无法在Kubernetes容器内使用纱线创建Spark会话 [英] Can't create spark session using yarn inside kubernetes pod

查看:84
本文介绍了无法在Kubernetes容器内使用纱线创建Spark会话的处理方法,对大家解决问题具有一定的参考价值,需要的朋友们下面随着小编来一起学习吧!

问题描述

我有一个安装了spark客户端的kubernetes容器.

I have a kubernetes pod with spark client installed.

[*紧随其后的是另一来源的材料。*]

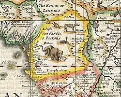 Early modern maps of Africa from the 15th to the 19th centuries, drawn from accounts written by explorers and travellers, show references to Biafar, Biafara, Biafra,[14][15] and Biafares.[16] According to the maps, the European travellers used the word Biafara to describe the region of today's West Cameroon, including an area around today's Equatorial Guinea. The German publisher Johann Heinrich Zedler, in his encyclopedia of 1731, published the exact geographical location of the capital of Biafara, namely alongside the river Rio dos Camaroes in today's Cameroon, underneath 6 degrees 10 min latitude.[17] The words Biafara and Biafares also appear on maps from the 18th century in the area around Senegal and Gambia.[18]
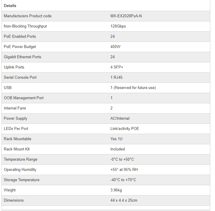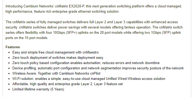 Cambium Cnmatrix Ex2028-P Intelligent Ethernet Poe Switch 24 1G And 4 Sfp+ Fiber Ports - Aus/ Nz Power Cord Mx-Ex2028Pxa-N

bash-4.2# spark-shell --version
Welcome to
      ____              __
     / __/__  ___ _____/ /__
    _\ \/ _ \/ _ `/ __/  '_/
   /___/ .__/\_,_/_/ /_/\_\   version 2.1.1.2.6.2.0-205
      /_/

Using Scala version 2.11.8, Java HotSpot(TM) 64-Bit Server VM, 1.8.0_144
Branch HEAD
Compiled by user jenkins on 2017-08-26T09:32:23Z
Revision a2efc34efde0fd268a9f83ea1861bd2548a8c188
Url git@github.com:hortonworks/spark2.git
Type --help for more information.
bash-4.2#

我可以使用以下命令在客户端和集群模式下成功提交Spark作业:

I can submit a spark job successfully under client and cluster mode using these commands:

${SPARK_HOME}/bin/spark-submit --conf spark.yarn.appMasterEnv.PYSPARK_PYTHON=$PYTHONPATH:/usr/local/spark/python:/usr/local/spark/python/lib/py4j-0.10.4-src.zip --master yarn --deploy-mode client --num-executors 50 --executor-cores 4 --executor-memory 3G  --driver-memory 6G my_python_script.py --config=configurations/sandbox.yaml --startdate='2019-01-01' --enddate='2019-08-01'
${SPARK_HOME}/bin/spark-submit --class org.apache.spark.examples.SparkPi --master yarn --deploy-mode cluster --num-executors 3 --driver-memory 512m --executor-memory 512m --executor-cores 1 ${SPARK_HOME}/lib/spark-examples*.jar 10

但是每当我使用以下任何一项开始会话时:

But whenever I start a session using any of these:

spark-shell --master yarn
pyspark --master yarn

它挂起并因以下错误而超时:

It hangs and times out with this error:

org.apache.spark.SparkException: Yarn application has already ended! It might have been killed or unable to launch application master.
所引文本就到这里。